### WHAT THE TASK REQUIRES
The answer should consist of every line in the material below that has the word "with".

### EXERCISE DATA
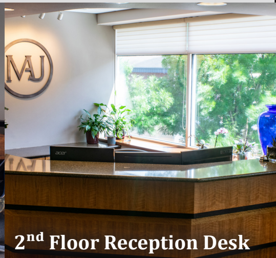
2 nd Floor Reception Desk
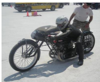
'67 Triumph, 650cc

---

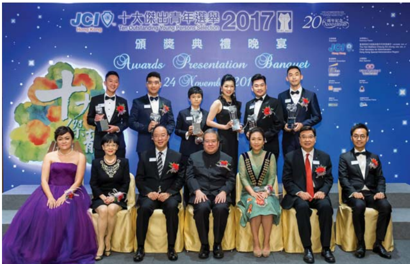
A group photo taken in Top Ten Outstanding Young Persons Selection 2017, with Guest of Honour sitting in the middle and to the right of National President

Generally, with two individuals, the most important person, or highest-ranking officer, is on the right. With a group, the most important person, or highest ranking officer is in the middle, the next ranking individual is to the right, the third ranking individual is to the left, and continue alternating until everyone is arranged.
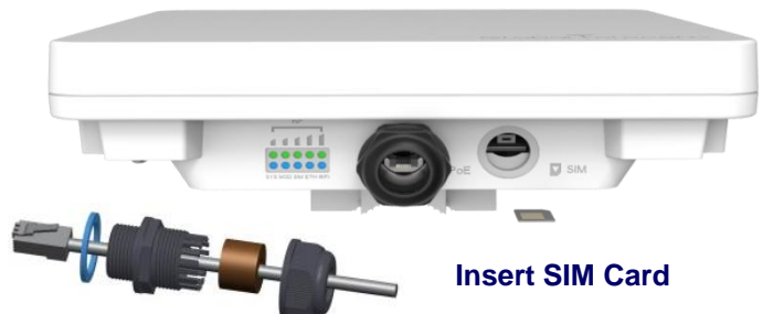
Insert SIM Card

---

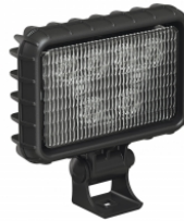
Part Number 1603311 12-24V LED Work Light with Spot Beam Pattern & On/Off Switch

### RESULT FOR THIS EXERCISE
A group photo taken in Top Ten Outstanding Young Persons Selection 2017, with Guest of Honour sitting in the middle and to the right of National President
Generally, with two individuals, the most important person, or highest-ranking officer, is on the right. With a group, the most important person, or highest ranking officer is in the middle, the next ranking individual is to the right, the third ranking individual is to the left, and continue alternating until everyone is arranged.
Part Number 1603311 12-24V LED Work Light with Spot Beam Pattern & On/Off Switch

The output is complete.